Athletics, the gift that keeps on giving
Friday, May 10, 2024 | 410 Views |
More than 40 sport codes are officially registered under the umbrella body, the Botswana National Sport Commission (BNSC). All have recorded success in their small way, but one has remained peerless as the rise of Botswana as a global athletics powerhouse reads like a fairy.
A nation of just above two million people now finds itself standing shoulder-to-shoulder with established powerhouses like the United States of America and Jamaica.
When Glody Dube became the first local athlete to reach the finals of any race at the Olympic Games in 2000, it could have been dismissed as just another moment. But it proved to be a launching pad as 11 years later, the foundation that had been laid by Dube and other pathfinders yielded the first significant fruit when Amantle Montsho was crowned a world champion. Montsho achieved the feat, a first for the country when she won the 400m during the World Athletics Championships held in Daegu, South Korea.
The Montsho moment became the springboard on which later success was to be built.
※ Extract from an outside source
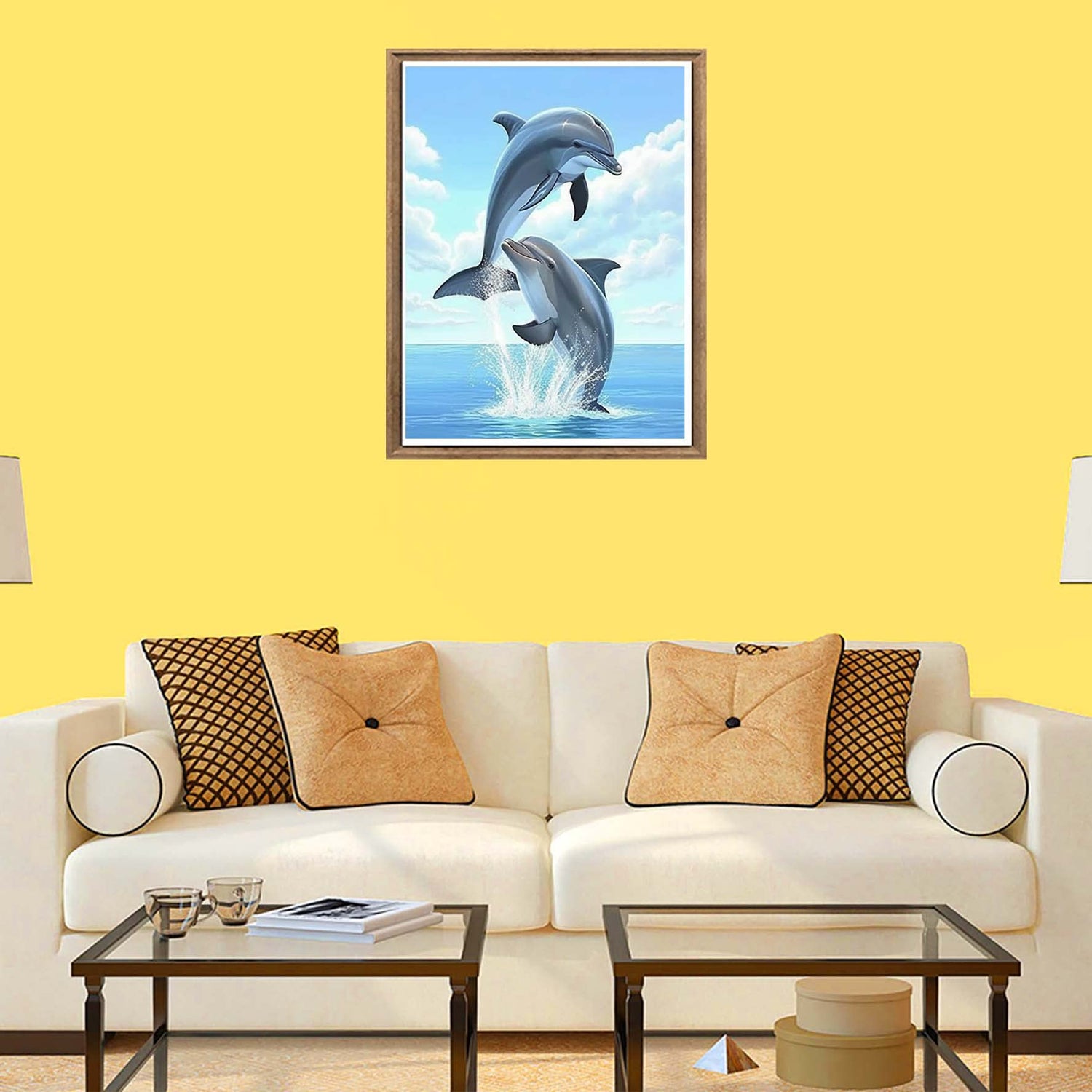 - Two dolphins leap joyfully from the ocean, their bodies arcing gracefully against a backdrop of blue sky and fluffy clouds. The scene captures a moment of pure freedom and harmony with nature, symbolizing the spirit of adventure and the beauty of the natural world.
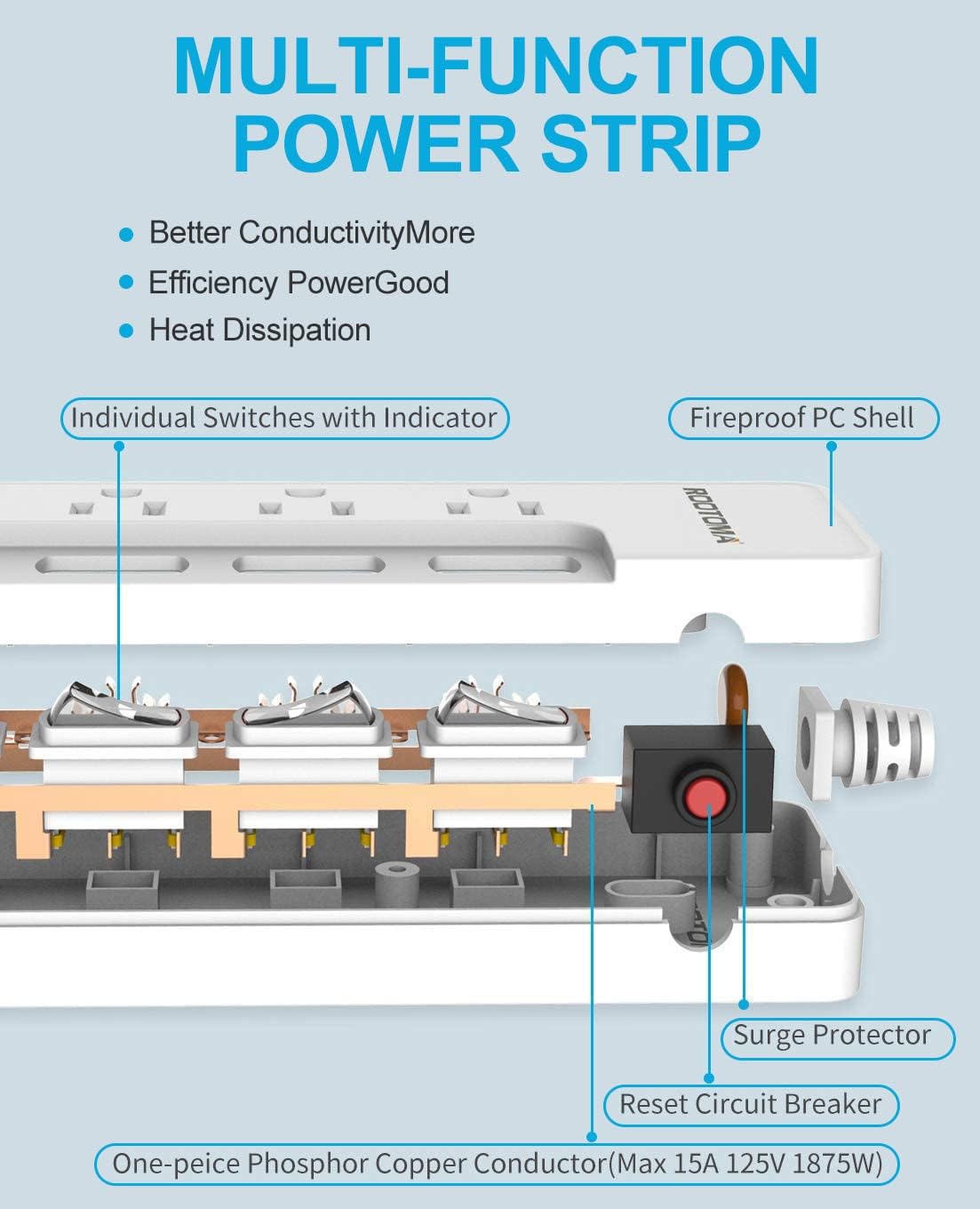 - 【One-Piece Copper Sheet & Fire-resistant case】This 15A/1875W/125V multi plug outlet is high-quality made with PC Fire Resisted material and the advanced One-piece 100% Copper Bar. Compared with other traditional copper conductor, it has lower heat dissipation, better conductivity and provides more efficient power and safty for all your appliances.

After Montsho’s glorious moment, it did not take long for Botswana athletics fans to be back on their feet, celebrating an equally significant achievement in 2012. This time the epicentre of the victory celebrations was London as then a relatively unknown Nijel Amos raced to a silver medal in the fastest 800m race in history.
This was Botswana’s first ever Olympic Games medal, ending a 32-year wait. After that, the floodgates of success swung wide open as Amos and Montsho took turns to win Diamond League races. In 2018, Botswana was dominant at the Commonwealth Games in the Gold Coast where Makwala, Montsho and both the men's and women’s 4x400m relay teams all bagged gold. At the Tokyo Olympics Games, held in 2021, Makwala led the 4x400m team to a bronze medal, handing Botswana its second medal from the Olympics. As the sun set on the careers of leading athletes like Montsho, one of Botswana’s prodigious talents emerged in Letsile Tebogo.
Since Tebogo burst into the scene, breaking every local short sprint record, Botswana’s athletics landscape has undergone a vertiginous shift. The contribution of athletes who came before Tebogo has been widely acknowledged, but the Kanye-born 20-year-old has made the entire universe sit up and take notice. He is arguably Botswana's best sportsperson since the country broke from the yoke of British rule in 1966. Within a short space since his introduction into the world of athletics, Tebogo broke the 100m world record at the World Junior Championships in Cali, Columbia last year.
He has had several breathtaking runs, which tempted the athletics world into comparing him to the undisputed king of sprint, Usain Bolt. Since his arrival on the big stage, Tebogo has become integral to Botswana’s athletics story. In fact, he was the main actor in the Cinderella fairy. It, therefore, came as no surprise when Tebogo won two medals at the World Athletics Championships in Budapest, becoming the first African to win a medal in the 100m. In the process, he broke Namibian, Frankie Federicks’ long-standing 200m record. Unsurprisingly, Tebogo was again the talking point this week when he was the star of the show when he ran the fastest split to lead Botswana to its golden moment at the World Relays. Athletics is the only code that has qualified for the Olympics and Paris could turn into yet another stomping ground, where the truly Botswana track marks will be engraved.